Growing Up a Preacher's Kid...
Anne Jackson wasn't your typical nine-year-old.
While most fourth grade girls are content throwing tea parties for their stuffed animals or having sleepovers with their friends, Anne preferred spending her Sunday nights hiding in a janitor's closet attached to the room where her father, a west Texas pastor, would gather with the church's deacons. Crouched behind a stack of cobweb-covered tables, Anne would spy on these meetings.
Why? Because Anne wanted to hear what went on that would cause her normally very happy father to fall into a depression, withdraw from his family, and spend hours away at work...or as some would call it, "ministry."
Although she didn't realize it at the time, the pain she saw her family go through while her dad pastored was causing a hole to form in her heart, a burden for the Church.
Seven years later and a couple churches later, as a sophomore in high school, Anne sat through an explosive church business meeting that led to her father's departure from that church. Afterward, she climbed up on to the church's fire escape and wrote a letter to God, giving him an ultimatum: Either she was going to part ways with the church entirely or she begged Him to give her a way to help bring restoration and unity.
Rebelling and Medicating
Following that encounter on the fire escape, her family relocated from west Texas to the Dallas area. Her father fell into a deeper depression. Evidently God didn't care if she left the church. At least, that's what she thought at the time. For years, neither Anne or her family went to church. The burden she carried was medicated by a variety of negative vices: pornography, materialism, alcohol, workaholic tendencies, and inappropriate relationships.

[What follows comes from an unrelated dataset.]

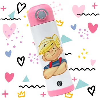 Ντένις ο τρομερός, Πασχαλινή Λαμπάδα με Παιδικό παγούρι θερμό, ανοξείδωτο, με καλαμάκι ασφαλείας, ΡΟΖ (500ml)

When Anne was twenty-one, she moved to Kansas City. On a whim, she visited a church where her future husband was playing guitar.
Hiding in the back of the auditorium, alone, God began to whisper to her spirit. This is where I want you. Look around. Can you feel it?
A Renewed Vision
That night served as a catalyst in Anne's life. She began working in full time ministry at a parachurch organization. Shortly after marrying Chris in 2003, she became a full time vocational staff member at that same suburban Kansas City megachurch.
As time went by, she realized something.
All around her, leaders were falling apart. Not just staff, but volunteers. She saw first hand how families were being torn apart by "ministry," the hours it "demanded," and the "sacrifices" it required. Once a girl spying on church meetings, now she was a part of them. Two of her closest friends on the church staff had an affair. Then two more. And she heard stories from friends in other churches.
Heartache...was rampant. Hope...seemingly gone.
People were suffering left and right, victims to burnout. Drug addictions, adultery, depression, anxiety, rejecting their faith, leaving their families, escapes into pornography, emotional affairs...the list of symptoms is endless.
Anne's Crash & Burn
In 2005, a few years after she had started her tenure on a church staff, Anne wound up hospitalized for gastrointestinal inflammation. At the young age of twenty five, she spent a week in severe pain. Every imaginable test was conducted with one conclusion: the only thing making her ill was stress. Stress she had brought on herself.
She returned back to work informing her supervisors she wouldn't continue the crazy work schedule. However, even with working fewer hours, Anne realized she could no longer function in a healthy manner in her current environment. A friend and coworker asked her, "Does working at this church interfere with your communion with Christ?" That provocative inquiry wasn't just a question, it was also an answer.
Five months later, she resigned. After leaving, she realized the long-term impact her previous seventy hour weeks had on her marriage, her health, and her relationship with Christ.
Currently...
It's been almost twenty years since Anne's days in deacon meeting espionage, but the hole in her heart has only grown larger. After many well-known leaders had fallen victim to ministry burn out, including two who have been mentors in her own life, she had a revelation: now is the time she must do whatever she can do to help bring God's message of restoration, light and love to those who are pastors, or other church staff, their families, and the volunteers that give so much time on top of their busy schedules.
Anne is on staff at Cross Point Church in Nashville, TN, where she and her husband reside.